Tekst, który Paweł miał na myśli, to są Pisma hebrajskie w kanonie jerozolimskim. Mówiliśmy o tym już kilka razy w wątku o nieomylności Pisma. Druga rzecz, to zasada, która działa również w NT i dlatego zarówno Piotr jak i Jan ostrzegają przed przekręcaniem listów Pawła jako Pism [II Piotra 3:15-16] i dodawaniem czegokolwiek do proroctwa Janowej Apokalipsy [Obj. 22:18]. To samo ostrzeżenie mamy w Przyp. Sal. 30:5-6. Duch Święty wiedział, o jakie Pisma chodzi.

makabi napisał(a):
Cytuj:
Zapętliłeś się i tracisz grunt pod nogami. Dlatego poddajesz w wątpliwość natchnienie Pisma, stawiając Bogu własne warunki, na których On miałby postępować w posługiwaniu się ludźmi podczas rozpoznawania kanonu.
Smoku mylisz sie. To Ty stawiasz Bogu warunki - kanon tak, ale Kosciol nie.
Mylisz się. Kościół tak, instytucja nie. Dlatego to Kościół jako ogół ludzi odrodzonych odebrał kanon zanim wypowiedziały się na ten temat instytucje kościelne wymagające posłuszeństwa i decydujące za wiernych.

makabi napisał(a):
Dlatego Twoja wiara jest niekonsekwentna a trzymasz sie w pionie tylko dlatego, ze choc niekonsekwentnie, ale przyjmujesz koscielne rozstrzygniecia. W innym przypadku nie ma jakichkolwiek powodow, aby wierzyc w cokolwiek.
Nie. Ja po prostu nie dałem się nabrać katolickiej propagandzie, że to kościół rzymsko-katolicki jako instytucja dał nam Biblię i dlatego to magisterium kościoła decyduje o tym, co jest prawdą, a co nie. Trzymam się w pionie, bo Słowo boże jest pionem:

"Takie widzenie dał mi oglądać: Oto Pan stał przy murze z pionem w ręku. I rzekł Pan do mnie: Co widzisz, Amosie? I odpowiedziałem: Pion. Wtedy Wszechmogący rzekł: Oto Ja spuszczam pion wpośród mojego ludu izraelskiego, już mu nie przepuszczę" [Amos 7:7-8]

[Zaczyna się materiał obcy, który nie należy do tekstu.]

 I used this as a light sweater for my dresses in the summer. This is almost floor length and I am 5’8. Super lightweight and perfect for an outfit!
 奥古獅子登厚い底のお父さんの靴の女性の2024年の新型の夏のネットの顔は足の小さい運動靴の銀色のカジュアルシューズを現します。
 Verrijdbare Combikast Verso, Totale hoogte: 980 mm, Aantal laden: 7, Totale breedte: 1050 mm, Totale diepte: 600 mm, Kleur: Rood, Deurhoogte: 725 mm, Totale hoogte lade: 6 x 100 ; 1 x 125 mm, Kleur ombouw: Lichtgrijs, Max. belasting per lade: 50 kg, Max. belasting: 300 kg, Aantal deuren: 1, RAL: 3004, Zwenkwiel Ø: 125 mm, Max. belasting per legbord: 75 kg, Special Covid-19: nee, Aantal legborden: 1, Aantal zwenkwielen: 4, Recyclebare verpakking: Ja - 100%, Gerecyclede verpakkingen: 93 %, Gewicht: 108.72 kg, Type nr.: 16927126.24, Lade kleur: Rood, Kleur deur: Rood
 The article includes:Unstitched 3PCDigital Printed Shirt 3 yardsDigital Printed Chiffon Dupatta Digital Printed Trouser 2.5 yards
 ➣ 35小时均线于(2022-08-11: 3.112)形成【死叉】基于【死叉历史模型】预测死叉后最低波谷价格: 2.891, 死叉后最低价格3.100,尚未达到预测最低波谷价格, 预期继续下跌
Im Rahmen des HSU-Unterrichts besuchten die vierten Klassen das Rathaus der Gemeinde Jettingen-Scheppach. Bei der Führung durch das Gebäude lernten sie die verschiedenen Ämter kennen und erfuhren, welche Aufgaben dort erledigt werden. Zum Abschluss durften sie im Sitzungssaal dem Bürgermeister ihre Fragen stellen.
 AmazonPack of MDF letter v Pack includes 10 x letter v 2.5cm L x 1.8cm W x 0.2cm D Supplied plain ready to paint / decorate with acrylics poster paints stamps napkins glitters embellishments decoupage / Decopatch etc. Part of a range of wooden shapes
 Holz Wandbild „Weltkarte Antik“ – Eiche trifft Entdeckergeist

To sam Pan spuszcza pion wśród swojego ludu - czy to izraelskiego, czy wśród Kościoła. Nie człowiek. Dlatego Biblia jest Słowem Bożym i została dana przez Pana, a nie przez cielesne instytucje roszczące sobie prawo do decydowania, co jest Słowem Bożym i dodające do Słowa własne tradycje - ja nie słucham kłamców.

makabi napisał(a):
Efekty wiary badz niewiary nie musza sie przekladac na zycie. Jak pokazuje historia zarowno "duchacze", jak i "antychrysci" natlukli sporo ludzi. Bez roznicy czy akceptowali kanon czy nie.
To Twoje ostatnie zdanie właściwie podsumowuje naszą dyskusję, bo chyba niczego więcej nie trzeba. Taka postawa i odrzucenie pionu to jest rychła katastrofa.

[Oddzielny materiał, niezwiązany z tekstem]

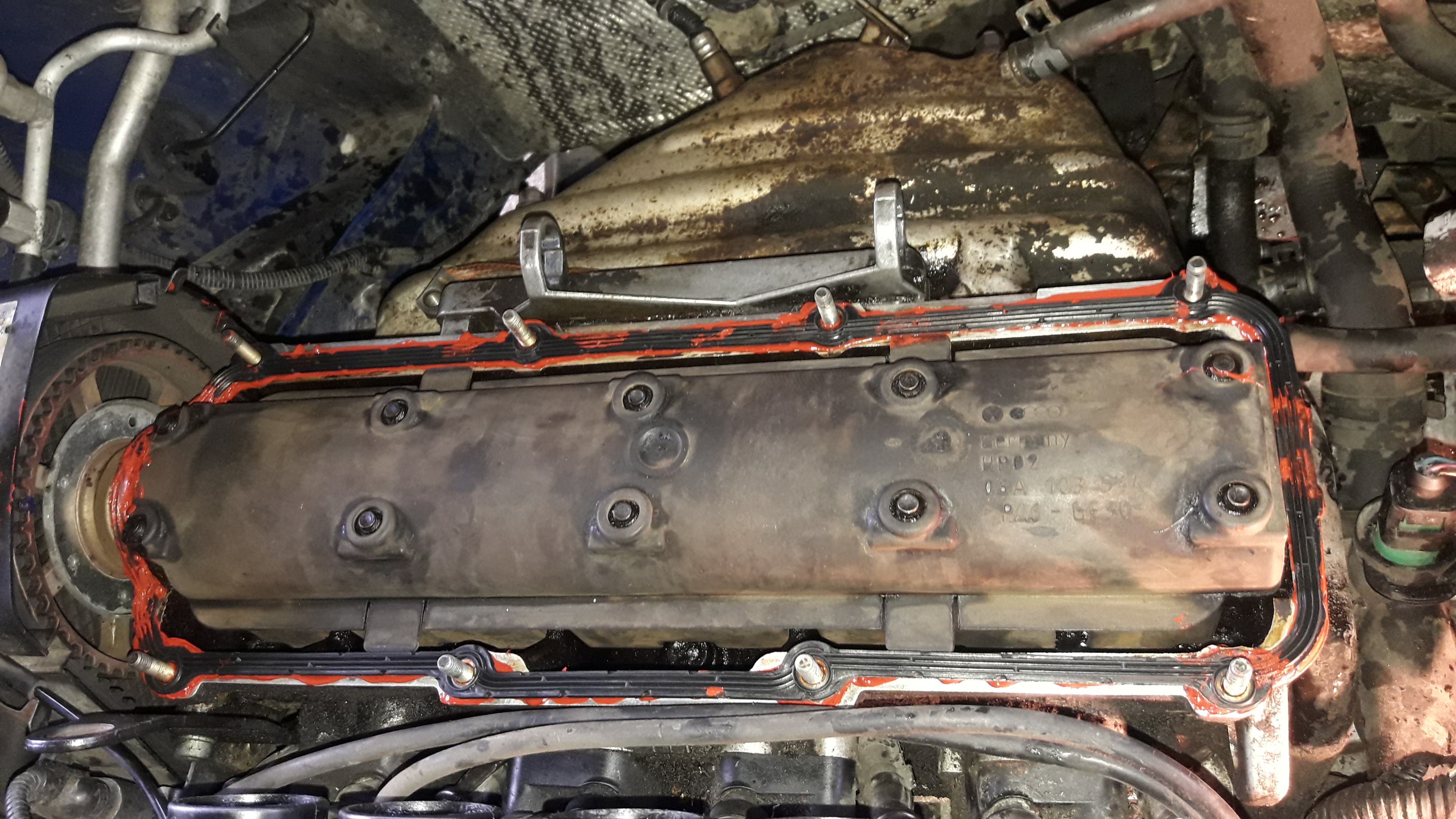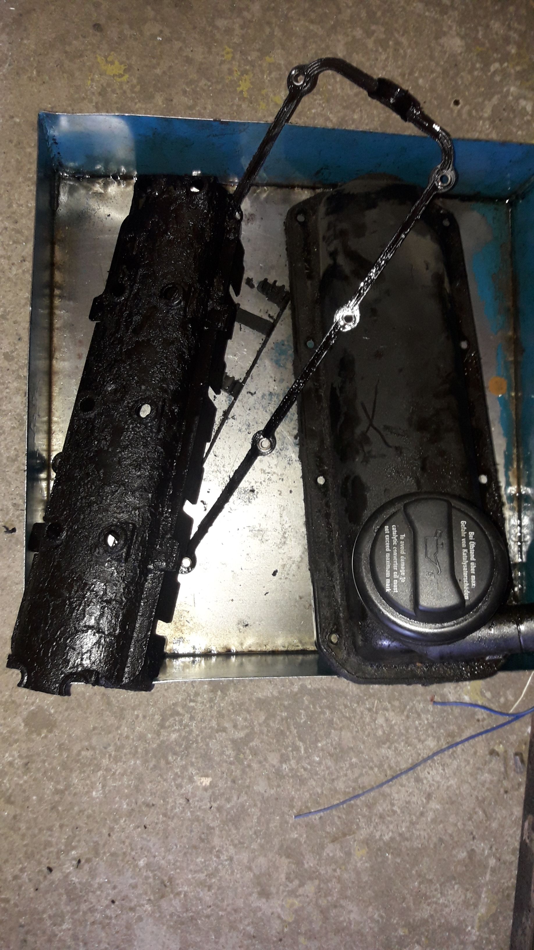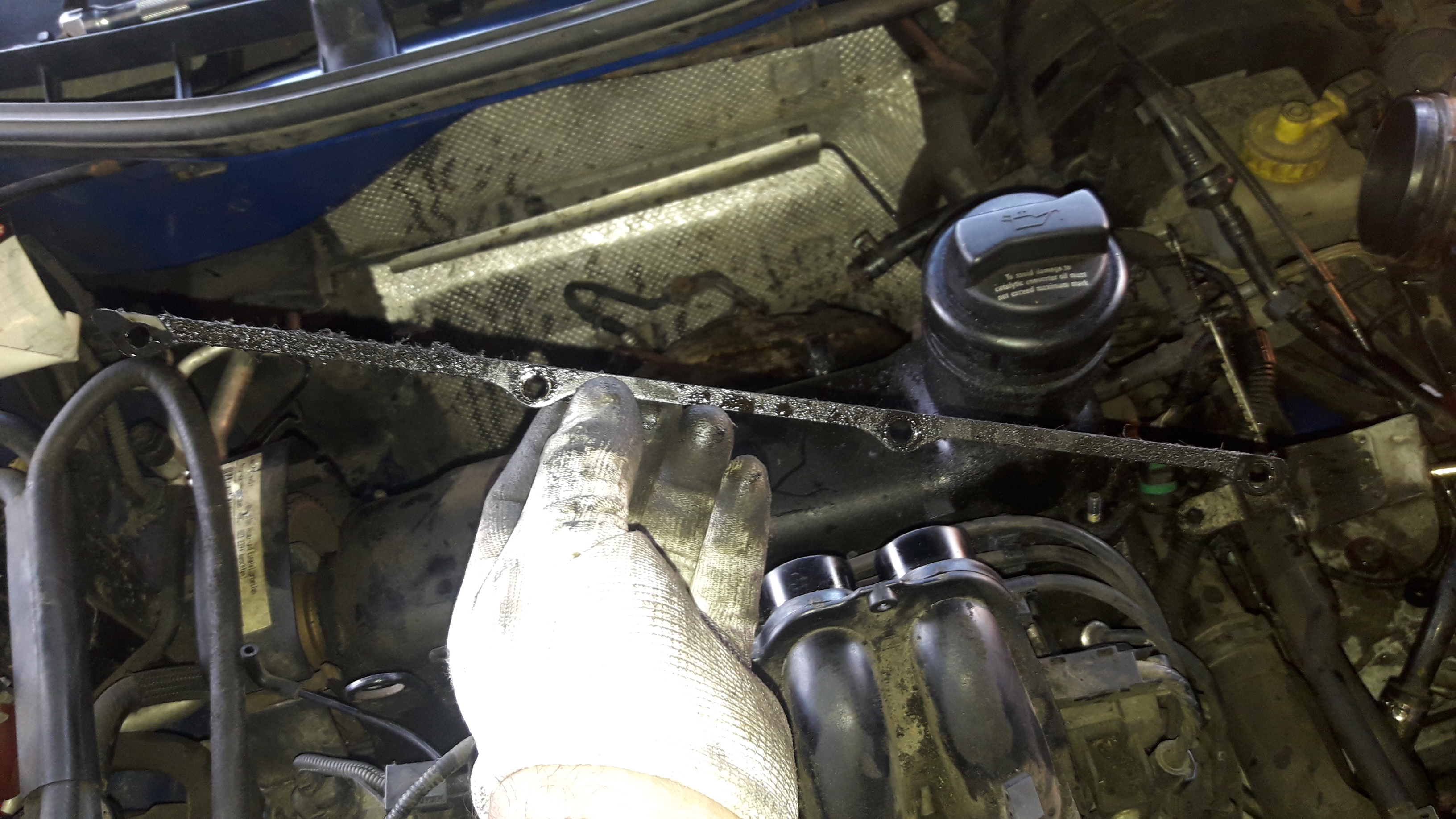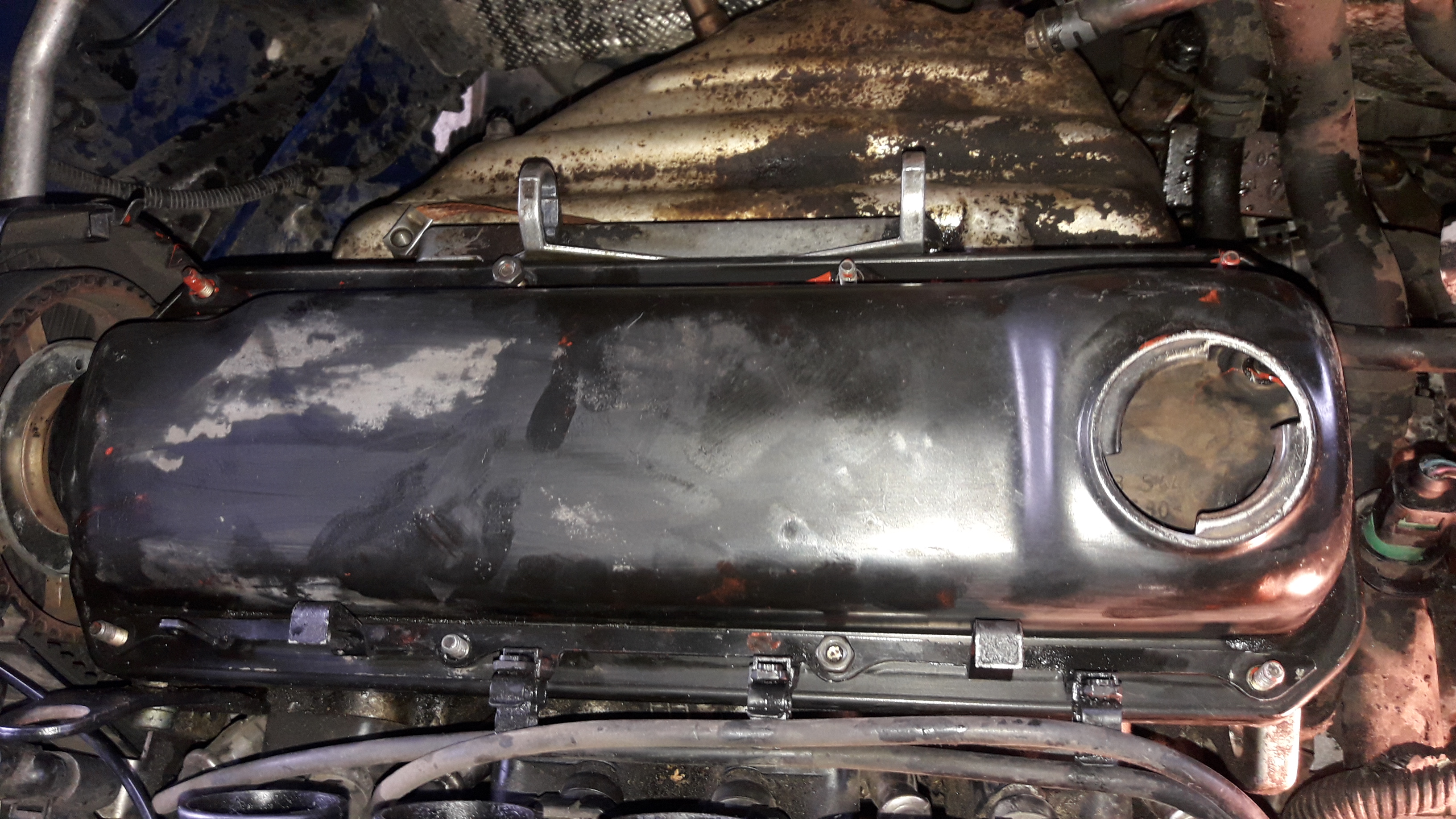 dále povolíme u strany rozvodů matky a sundáme plastový nástavec pro dekl rozvodú na druhý straně povolíme matky a sundáme držák pro plastovej dekl motoru povolíme zbytek matek co drží víko ventilů a sundáme obě výztuhy ted sundáme samotný víko ventilů pod ním je ještě plastový kryt ten sundáme taky ted je třeba vše důkladně vyčistit - víko ventilů včetně nalejvacího hrdla,plastovej kryt,dosedací plochu pro víko ventilů,držáky,výstuhy a vše co okolo uznáte za vhodné

"Ten nakaz daję ci, synu Tymoteuszu, abyś według dawnych głoszonych o tobie przepowiedni staczał zgodnie z nimi dobry bój, zachowując wiarę i dobre sumienie, które pewni ludzie odrzucili i stali się rozbitkami w wierze; do nich należą Himeneusz i Aleksander, których oddałem szatanowi, aby zostali pouczeni, że nie wolno bluźnić" [I Tym. 1:18-20]

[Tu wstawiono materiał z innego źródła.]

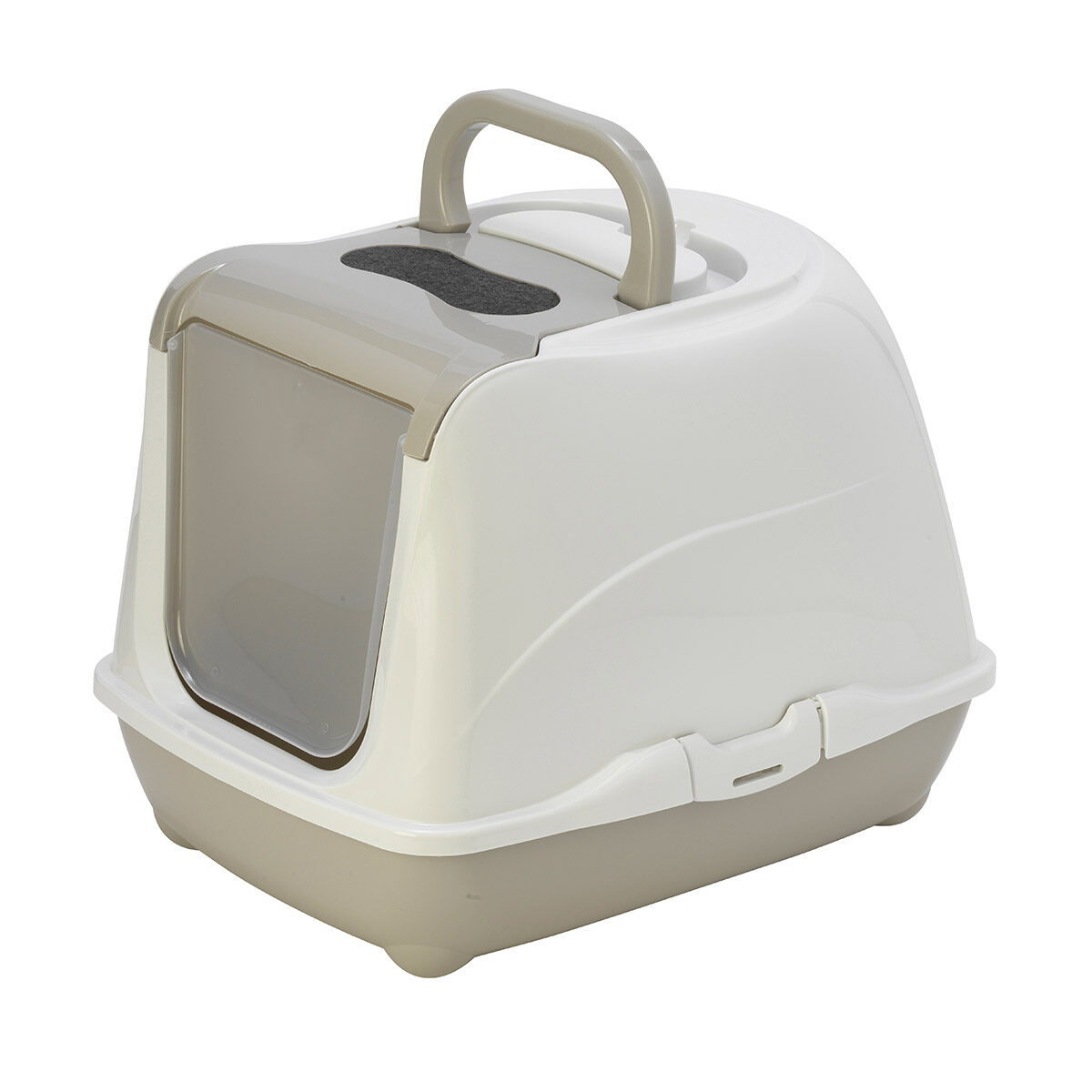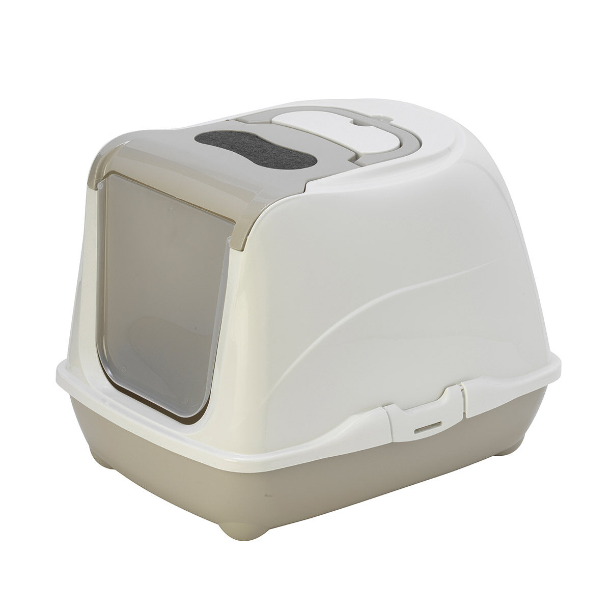 Moderna Kattentoilet Flip Cat Large Warmgrijs. De Flip Cat Large kattentoilet is een gesloten kattenbak met een kap. Deze kap biedt jouw kat wat extra privacy. Het bovenste deel van deze kattenbak kun je eenvoudig openklappen zodat je de bak makkelijk kunt schoonmaken. Het filter in de bovenkap houdt nare luchtjes tegen.
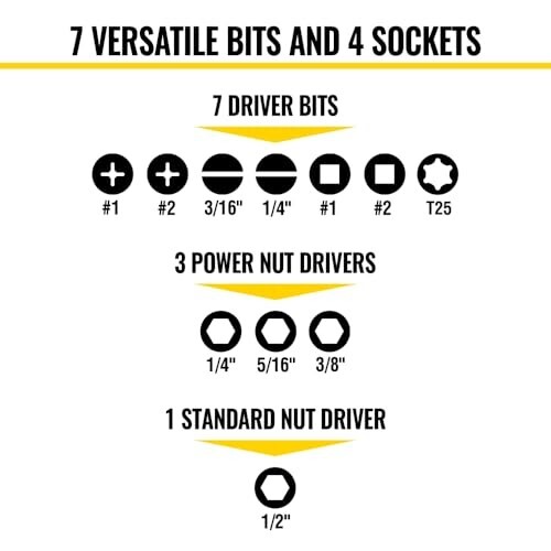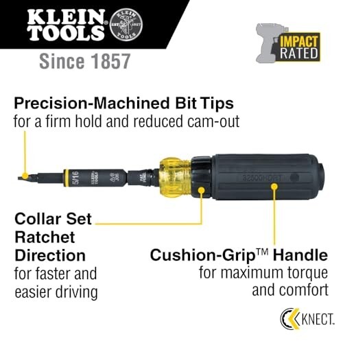 11-in-1 Ratcheting Screwdriver and Nut Driver: Experience unparalleled versatility with this 11-in-1 ratcheting screwdriver and nut driver, designed to tackle a wide range of tasks with ease. This impact-rated tool includes seven driver bits, three power nut drivers, and one standard nut driver, making it an essential addition to any toolkit. The ratcheting handle allows you to adjust the collar for forward, fixed, or reverse settings, ensuring faster and more efficient driving. Seamlessly switch between a screwdriver handle and an impact driver with the convenient 1/4-inch quick-connect feature on the power nut drivers. Built for heavy-duty applications, the shaft and bits are impact rated, while precision-machined bit tips provide a firm hold and minimize cam-out. Equipped with the most common drive ends—#1, #2 Phillips; 3/16-inch, 1/4-inch slotted; #1, #2 square; T25 TORX; and 1/4-inch, 5/16-inch, 3/8-inch, 1/2-inch hex—this tool is ready for any challenge. The cushion-grip handle ensures enhanced comfort and maximum torque during use, making your projects smoother and more enjoyable.

"Staraj się usilnie o to, abyś mógł stanąć przed Bogiem jako wypróbowany i nienaganny pracownik, który wykłada należycie słowo prawdy. A pospolitej, pustej mowy unikaj, bo ci, którzy się nią posługują, będą się pogrążali w coraz większą bezbożność, a nauka ich szerzyć się będzie jak zgorzel; do nich należy Hymeneusz i Filetos, którzy z drogi prawdy zboczyli, powiadając, że zmartwychwstanie już się dokonało, przez co podważają wiarę niektórych. Wszakże fundament Boży stoi niewzruszony, a ma taką pieczęć na sobie: Zna Pan tych, którzy są jego, i: Niech odstąpi od niesprawiedliwości każdy, kto wzywa imienia Pańskiego" [II Tym. 2:15-19]


Góra
 Zobacz profil  
Odpowiedz z cytatem  
PostNapisane: Wt sie 30, 2011 11:29 pm 
Offline

Dołączył(a): Śr mar 31, 2010 10:03 am
Posty: 268
Smok Wawelski

Cytuj:
Tzw. "krytyka tekstu" nie jest dziełem Kościoła czyli ludzi odrodzonych. Ona jest dziełem ludzi nieodrodzonych, którzy posiadają cielesne, naturalistyczne założenia, a powstała w wyniku pragnienia obalenia Pisma jako Słowa Bożego.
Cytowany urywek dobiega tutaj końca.